Figure 2: Relationships among the 6 True and Error Models under consideration, with respect to possible patterns of data. Each EU model is a special case of a TE model. There are 10 regions that are mutually exclusive and exhaustive, from EU1 (all TE models acceptable) to all TE models rejected. Numbers in parentheses are the number of free parameters.


Figure 3: Calculating Bayes factor from priors and likelihood of the data given the model and parameters. Although Model 1 has a better maximum likelihood than Model 2, the Bayes factor favors Model 2 if Priors A or B is used, but favors Model 1 if Prior C is used.

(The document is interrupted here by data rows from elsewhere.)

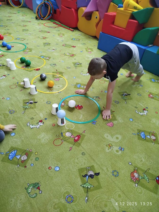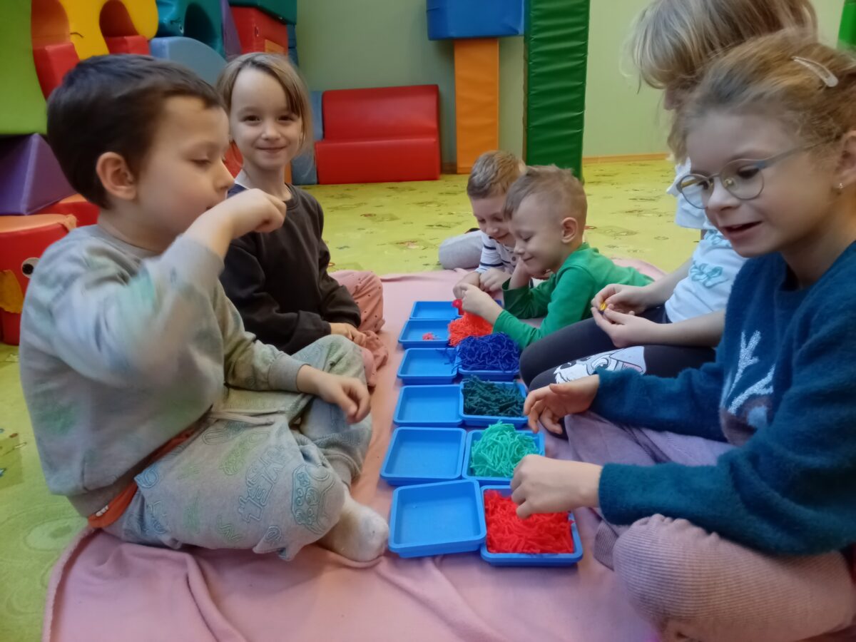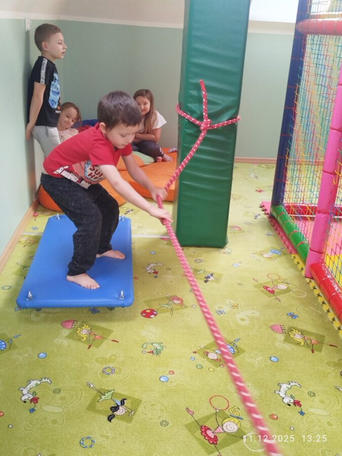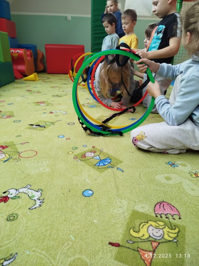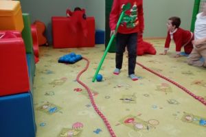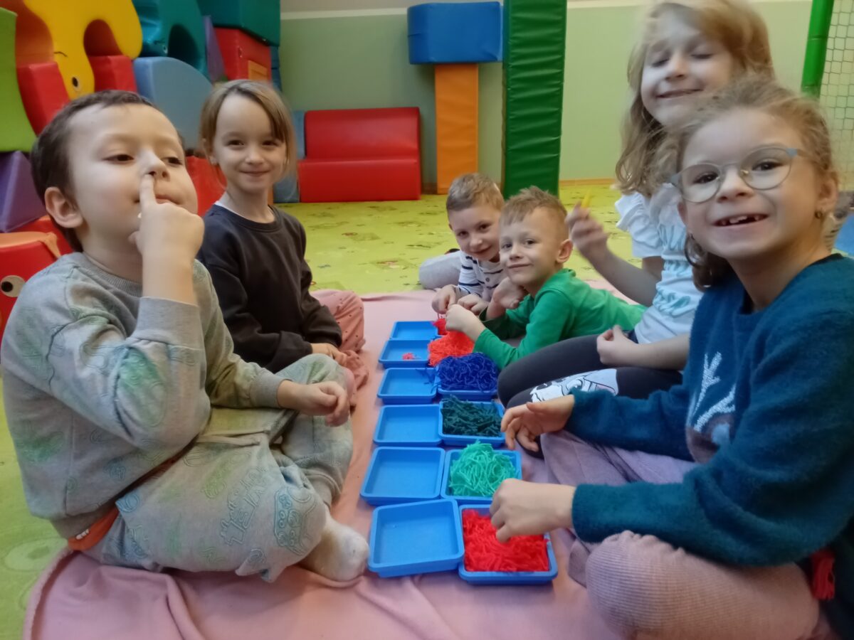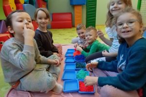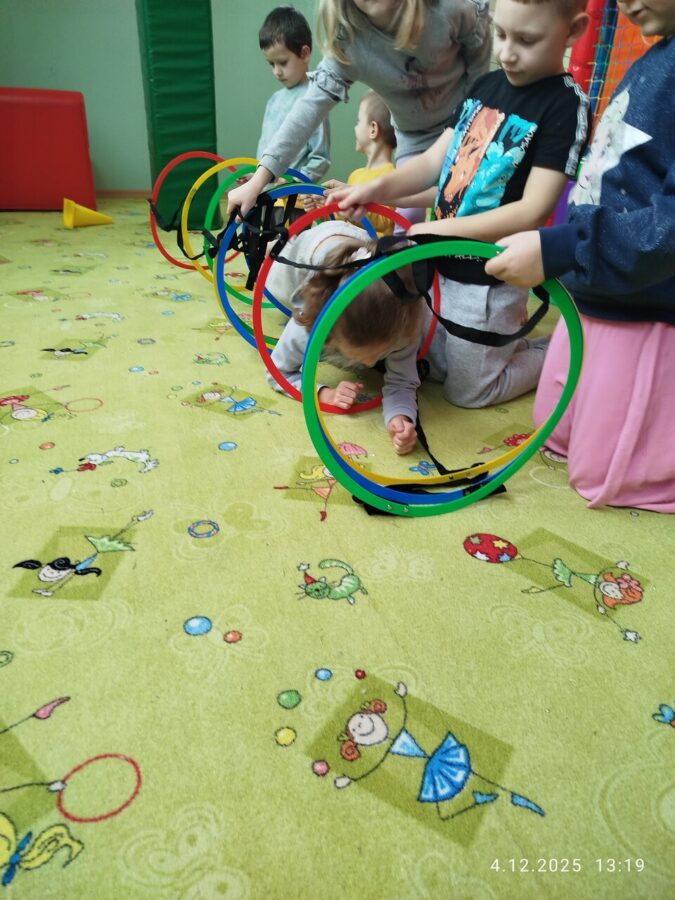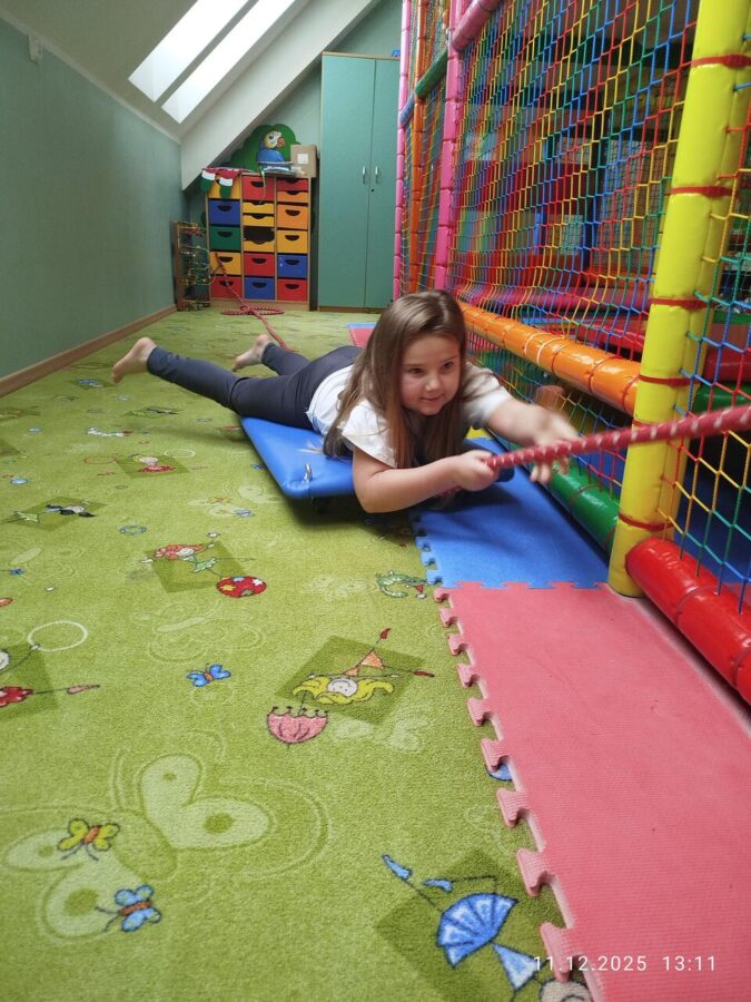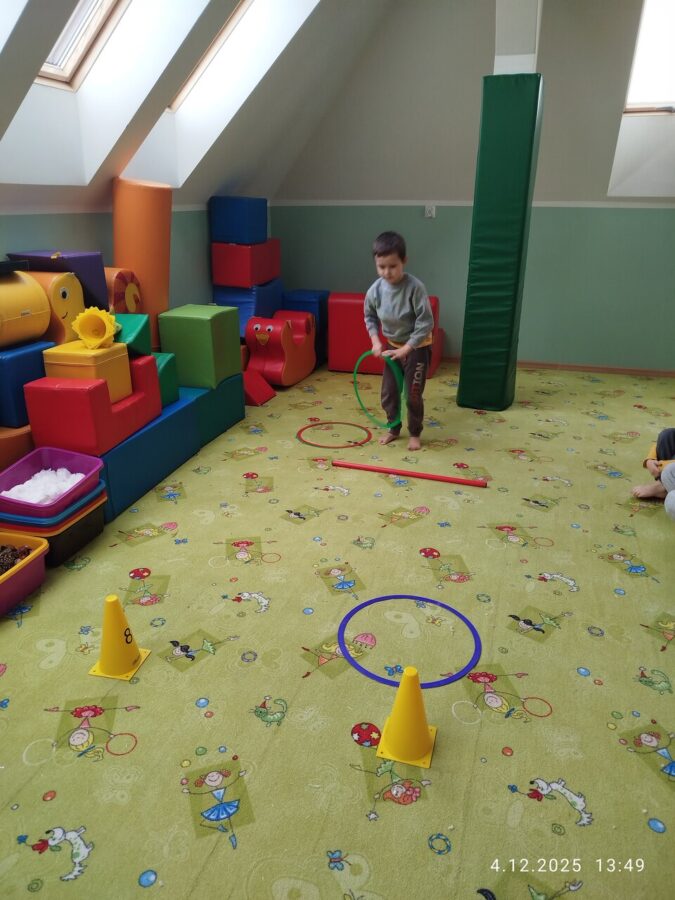 W grudniu dzieci z grupy Jeżyki aktywnie uczestniczyły w proponowanych zabawach z elementami integracji sensorycznej.Zabawy i ćwiczenia stymulujące zmysły:dotyku, wzroku, słuchu oraz równowagę i koordynację wzrokowo-ruchową były z zaangażowaniem wykonywane przez dzieci.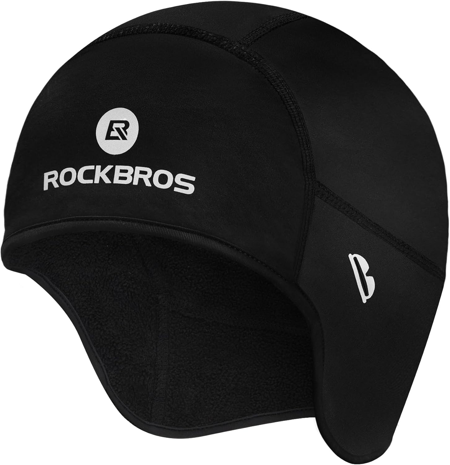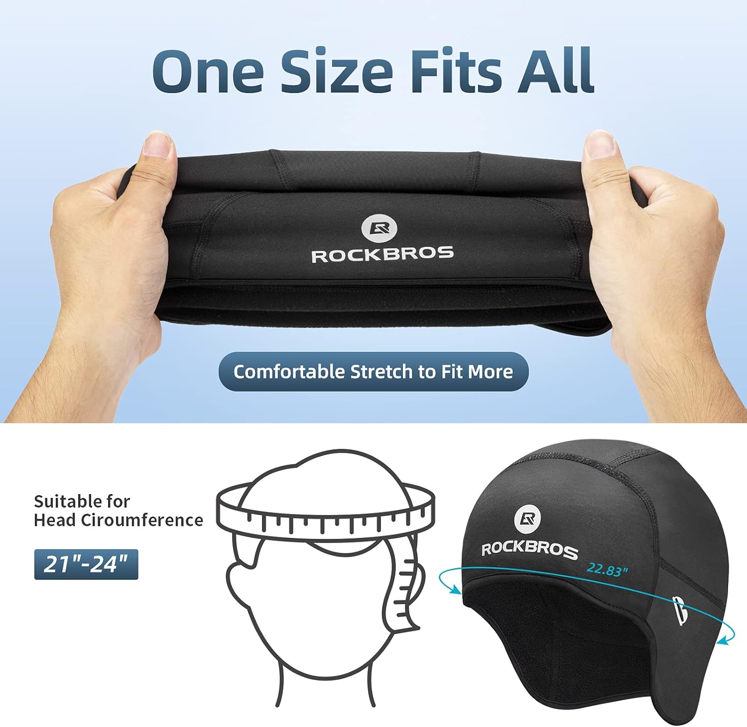 ROCKBROS Skull Cap Helmet Liner Winter Thermal Cycling Caps for Men Women Running Beanies Hat with Glasses Holes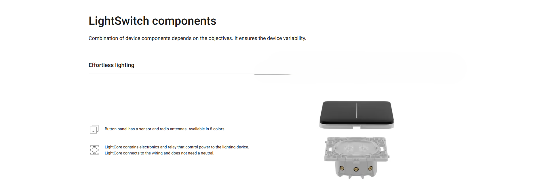 LightSwitch smart switches can be used separately or combined with Outlet. Devices have the same frame design and color shades and can be installed into Frame.

A Bayesian might wish to assign prior probabilities to the 10 regions in Figure 2, including the hypothesis that none of the models is appropriate, and then ask how the data revise those priors to form a posterior distribution over these 10 hypotheses about the situation. I am not sure I know how I would assign prior beliefs over these hypotheses. But I think about complexity of the models in other ways beyond those incorporated in the Bayes factor.

4  Bayes Factors and Complexity

In the Bayes factor, the prior probability distribution, along with the model and the data, combine to inform us how well a model fits, supposedly corrected for how “complex” a model is supposed to be. To compute the Bayes factor for two models, one multiplies the prior times the fit curve and integrates to find the average fit for each model and then computes the ratio. But the prior probability distribution is up to the statistician, making this situation rife for “prior-hacking”, in which a person might influence the conclusions by selecting post hoc a prior distribution to make a favored model or conclusion seem more probable than the disfavored one. With uniform priors, increasing the range of a parameter to include regions of poor fit will tend to “punish” the model with the widened range of parameters.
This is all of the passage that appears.